Save with auto-managed (key=None)

AUTO_KEY_PREFIX = ln.core.storage.paths.AUTO_KEY_PREFIX
root = ln.settings.storage
artifact = ln.Artifact("./test-files/iris.csv", description="iris.csv")
❗ no run & transform get linked, consider calling ln.track()
artifact.save()
Artifact(uid='8GMTzYFhoIvVkHg95qRT', description='iris.csv', suffix='.csv', size=224, hash='iwc1TmF1TW_l5weDvscSHw', hash_type='md5', visibility=1, key_is_virtual=True, created_by_id=1, storage_id=1, updated_at='2024-06-13 12:18:39 UTC')
key_path = root / f"{AUTO_KEY_PREFIX}{artifact.uid}{artifact.suffix}"
assert key_path.exists()
cache_csv_path = artifact.cache()
cache_csv_path
PosixUPath('/home/runner/.cache/lamindb/lamindb-ci/test-add-replace-stage/.lamindb/8GMTzYFhoIvVkHg95qRT.csv')
assert cache_csv_path.suffix == ".csv"
artifact.replace("./test-files/iris.data")
❗ no run & transform get linked, consider calling ln.track()
artifact.save()
Artifact(uid='8GMTzYFhoIvVkHg95qRT', description='iris.csv', suffix='.data', size=182, hash='42Br6no9CjB6s5ZbmO-bmw', hash_type='md5', visibility=1, key_is_virtual=True, created_by_id=1, storage_id=1, updated_at='2024-06-13 12:18:39 UTC')
old_key_path = key_path
new_key_path = root / f"{AUTO_KEY_PREFIX}{artifact.uid}{artifact.suffix}"

The suffix changed:

old_key_path
S3Path('s3://lamindb-ci/test-add-replace-stage/.lamindb/8GMTzYFhoIvVkHg95qRT.csv')
new_key_path
S3Path('s3://lamindb-ci/test-add-replace-stage/.lamindb/8GMTzYFhoIvVkHg95qRT.data')
assert not old_key_path.exists()
assert new_key_path.exists()
cache_data_path = artifact.cache()
cache_data_path
PosixUPath('/home/runner/.cache/lamindb/lamindb-ci/test-add-replace-stage/.lamindb/8GMTzYFhoIvVkHg95qRT.data')
assert cache_data_path.suffix == ".data"
assert cache_data_path.stat().st_mtime >= cache_csv_path.stat().st_mtime
artifact.delete(permanent=True)

Save with manually passed real key

ln.settings.artifact_use_virtual_keys = False
artifact = ln.Artifact("./test-files/iris.csv", key="iris.csv")
❗ no run & transform get linked, consider calling ln.track()
artifact.save()
Artifact(uid='jq9KDe5ikvCsTxuaeCnr', key='iris.csv', suffix='.csv', size=224, hash='iwc1TmF1TW_l5weDvscSHw', hash_type='md5', visibility=1, key_is_virtual=False, created_by_id=1, storage_id=1, updated_at='2024-06-13 12:18:41 UTC')
key_path = root / "iris.csv"
assert key_path.exists()
artifact.replace("./test-files/new_iris.csv")
❗ no run & transform get linked, consider calling ln.track()
artifact.save()
Artifact(uid='jq9KDe5ikvCsTxuaeCnr', key='iris.csv', suffix='.csv', size=229, hash='lp2-ycXcKcaliUTnR_TqHA', hash_type='md5', visibility=1, key_is_virtual=False, created_by_id=1, storage_id=1, updated_at='2024-06-13 12:18:41 UTC')
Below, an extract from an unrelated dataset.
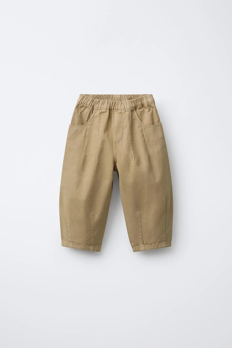 Baggy pants with elastic waistband. Front pockets and back patch pockets. Front pleats.
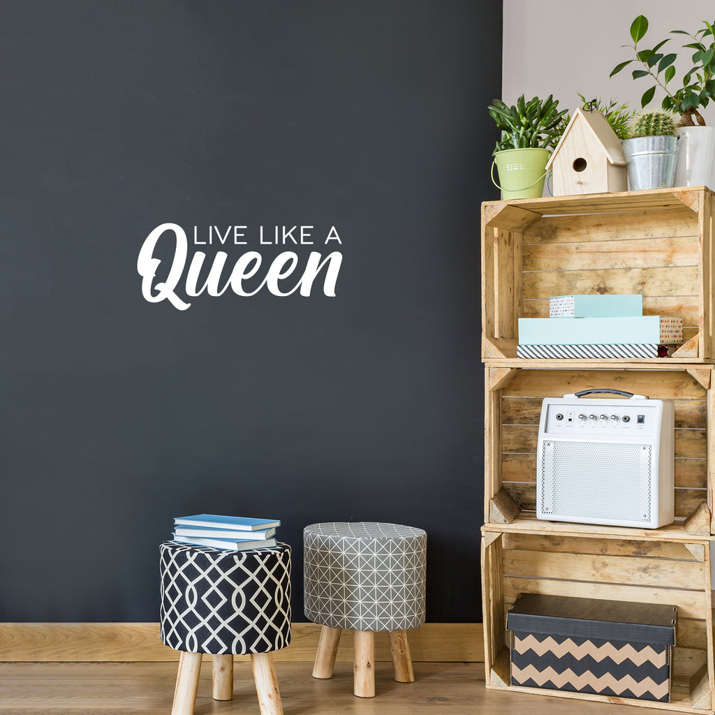 This awesome decal quote "Live Like A Queen"; is the perfect touch for your home or work. Use it for your dorm room; home office or anywhere you want to bring some extra decoration. It's a vinyl sticker that is easy to put on any smooth and dry surface. Our modern designs don't just brighten up the room; but brighten up the day. Using top of the line vinyl across all of our production allows us to be the leaders in quality and design.

Check paths: no changes here, as the suffix didn’t change.

old_key_path = key_path
new_key_path = root / "new_iris.csv"
old_key_path
S3Path('s3://lamindb-ci/test-add-replace-stage/iris.csv')
new_key_path
S3Path('s3://lamindb-ci/test-add-replace-stage/new_iris.csv')
assert old_key_path.exists()
assert not new_key_path.exists()
artifact.replace("./test-files/iris.data")
❗ no run & transform get linked, consider calling ln.track()
❗ replacing the file will replace key 'iris.csv' with 'iris.data' and delete 'iris.csv' upon `save()`
artifact.save()
Artifact(uid='jq9KDe5ikvCsTxuaeCnr', key='iris.data', suffix='.data', size=182, hash='42Br6no9CjB6s5ZbmO-bmw', hash_type='md5', visibility=1, key_is_virtual=False, created_by_id=1, storage_id=1, updated_at='2024-06-13 12:18:42 UTC')
new_key_path = root / "iris.data"
old_key_path
S3Path('s3://lamindb-ci/test-add-replace-stage/iris.csv')
new_key_path
S3Path('s3://lamindb-ci/test-add-replace-stage/iris.data')
assert not old_key_path.exists()
assert new_key_path.exists()
artifact.delete(permanent=True, storage=True)

Save from memory

import pandas as pd
iris = pd.read_csv("./test-files/iris.csv")
artifact = ln.Artifact.from_df(iris, description="iris_store", key="iris.parquet")
❗ no run & transform get linked, consider calling ln.track()
artifact.save()
Artifact(uid='vkrwpbnJr9AZ1YuMRILY', description='iris_store', key='iris.parquet', suffix='.parquet', accessor='DataFrame', size=4510, hash='4n5aTzTCvYC9TAcmXNW4hQ', hash_type='md5', visibility=1, key_is_virtual=False, created_by_id=1, storage_id=1, updated_at='2024-06-13 12:18:43 UTC')
key_path = root / "iris.parquet"
assert key_path.exists()
artifact.replace(data=iris[:-1])
❗ no run & transform get linked, consider calling ln.track()
assert artifact.key == "iris.parquet"
artifact.save()
Artifact(uid='vkrwpbnJr9AZ1YuMRILY', description='iris_store', key='iris.parquet', suffix='.parquet', accessor='DataFrame', size=4490, hash='07E-IuJuPmhP_WKO2NA9fg', hash_type='md5', visibility=1, key_is_virtual=False, created_by_id=1, storage_id=1, updated_at='2024-06-13 12:18:44 UTC')
assert key_path.exists()
artifact.replace("./test-files/new_iris.csv")
❗ no run & transform get linked, consider calling ln.track()
❗ replacing the file will replace key 'iris.parquet' with 'iris.csv' and delete 'iris.parquet' upon `save()`
artifact.save()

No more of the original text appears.